Antidepressants Linked to Male Infertility!

Tiffany Lowery

Popular antidepressant drugs may cause damage to the DNA in sperm—which could lead to loss of fertility in some men!

Findings published in New Scientist magazine said researchers at Cornell Medical Center in New York studied 35 healthy men given paroxetine. The drug is sold as Paxil® or Seroxat® by GlaxoSmithKline.

Lead researchers Peter Schlegel, M.D., and Cigdem Tanrikut, M.D., found the proportion of sperm cells with damaged DNA rose from about 13 percent before treatment to a little more than 30 percent after just four weeks!

The new findings add to concerns raised by Schlegel and Tanrikut in 2006. Their previous research found two men developed low counts of healthy sperm following treatment with two different selective serotonin-reuptake inhibitors (SSRIs). This is the most commonly prescribed class of antidepressant drugs.

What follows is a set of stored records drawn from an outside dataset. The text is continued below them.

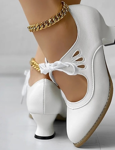 Scarpe da sposa vintage con tacco mary jane color avorio in pizzo e fiocco per spose che vogliono sposarsi in giardino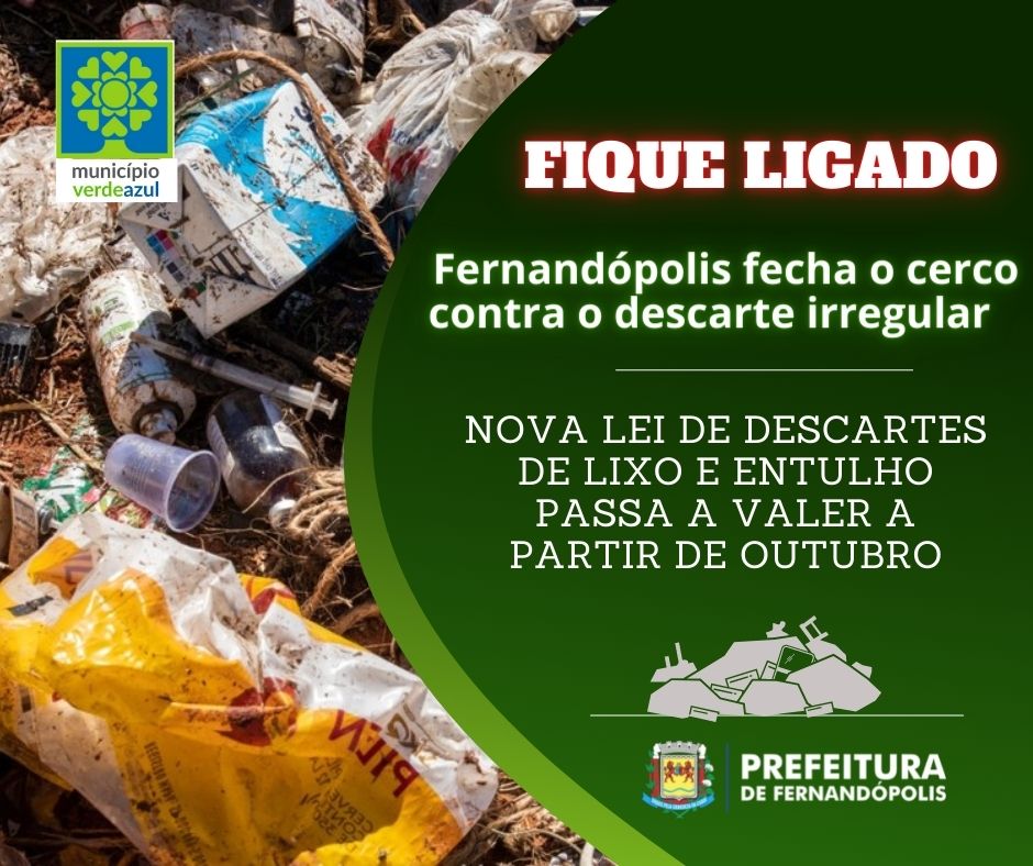 A Secretaria Municipal de Meio Ambiente confirmou que passa a valer a partir de 10 de outubro, a nova Lei Municipal 5.025 de 2.020 que institui a nova política municipal de resíduos sólidos. Com isso, a pessoa jurídica ou física que for flagrada fazendo o descarte irregular em área urbana ou rural terá que pagar, além das multas já previstas no âmbito Federal e Estadual, as novas regras municipais.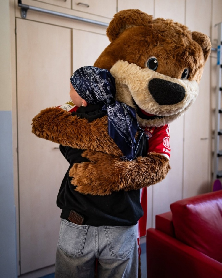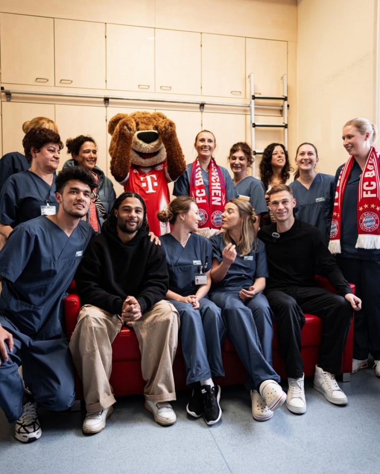 Gnabry, Kimmich và linh vật của Bayern đã đến thăm khoa ung bướu của Bệnh viện Nhi đồng Houner để thăm các em nhỏ bị bệnh và mang lại niềm vui cho các em. Bayern đã đăng những bức ảnh liên quan lên mạng xã hội để ghi lại ngày ấm áp này.
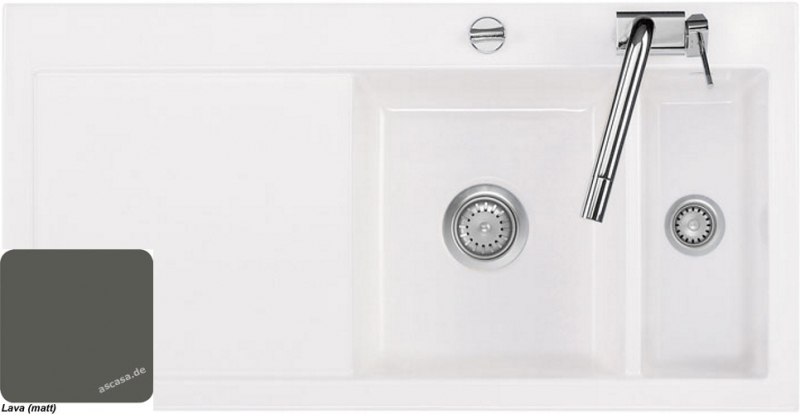 • diese Spüle ist nur als flächenbündige Spüle einbaubar (somit nur in Kombination mit Stein- oder Granitarbeitsplatten); ein Einbau als Einbau- bzw. Auflage-Spüle oder der Einsatz als Unterbau-Spüle ist nicht möglich! Es gibt von diesem Modell jedoch eine Schwester-Variante, die für den Einbau vorgesehen ist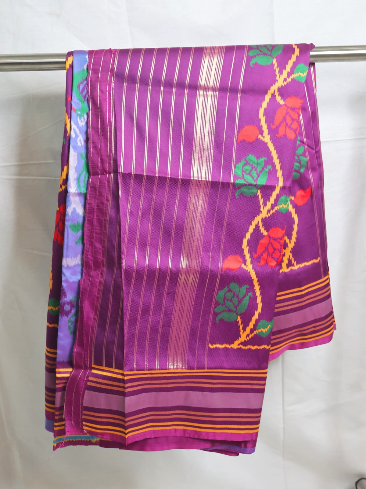 🌄 Design: Mountain-inspired motifs with silver zari, deep hues of indigo and maroon
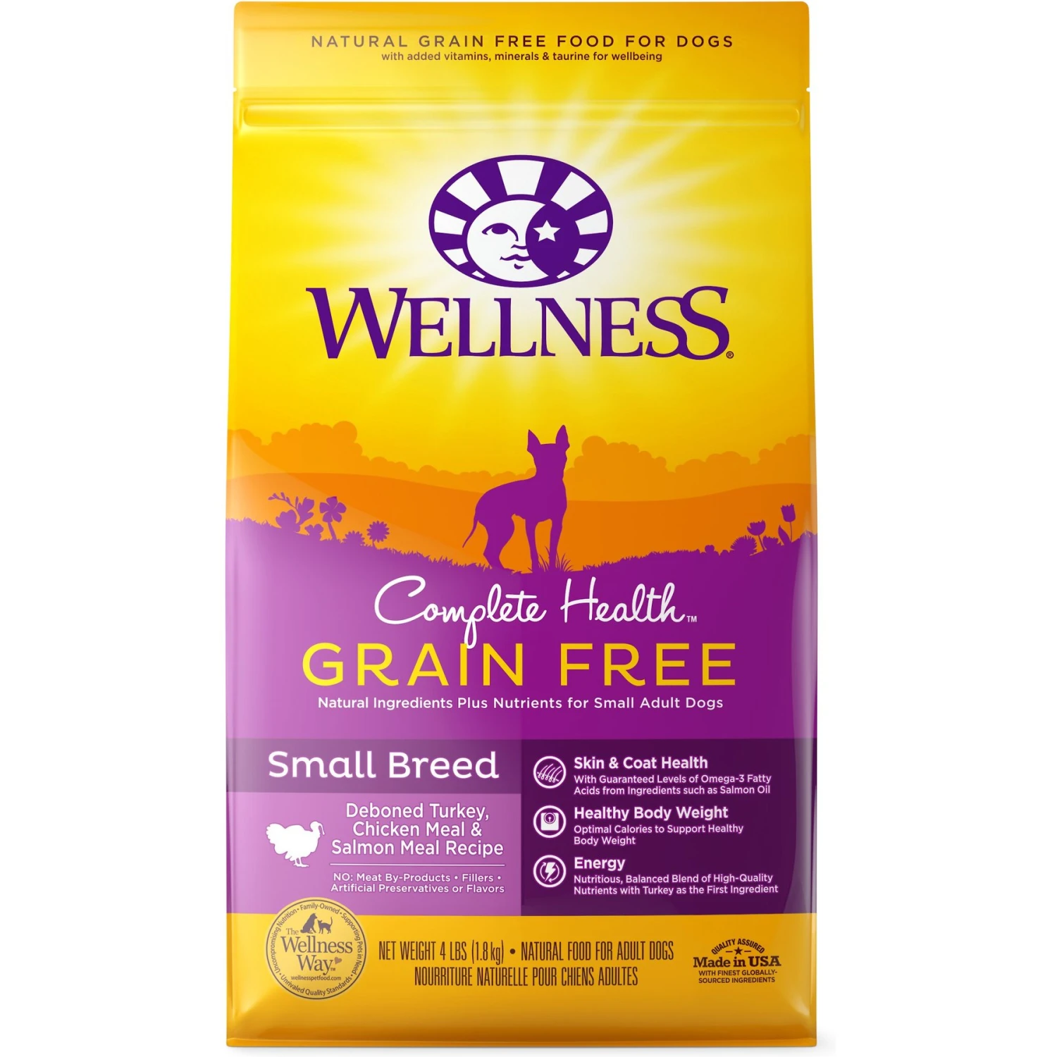 Wellness Grain-Free Complete Health Small Breed Adult Deboned Turkey, Chicken Meal & Salmon Meal Recipe Dry Dog Food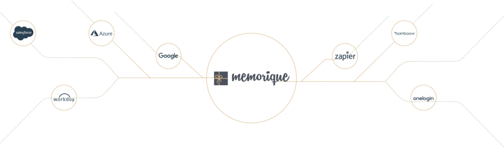 Memorique effortlessly connects with the apps and services your team already uses, making gifting a natural part of your workflow. From CRM and HCM to Single Sign-On, our integrations make it easy for you to log in, search, order and track gifts- all in one place!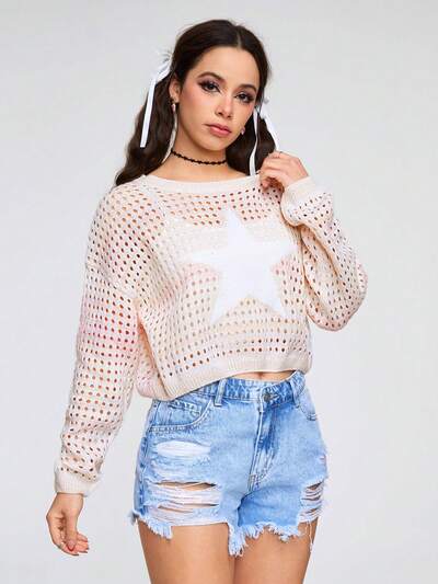 Women's Round Neck Gradient Color Star Pattern Hollow Out Long Sleeve Sweater-60%

According to an article from the September 24, 2008, edition of New Scientist, Douglas Carrell, a specialist in male infertility at the University of Utah in Salt Lake City, said specialists consider a fraction of 30 percent of sperm with DNA damage as being “clinically significant”.

Similar levels of DNA damage in sperm have been tied to problems with embryo viability in couples trying to have children.

“I think a lot of us around the world have had data that have pointed in this direction and have been suspicious,” Carrell said, and added that this research is a “good preliminary study.” He said studies of the long-term effects of SSRIs on sperm are also necessary.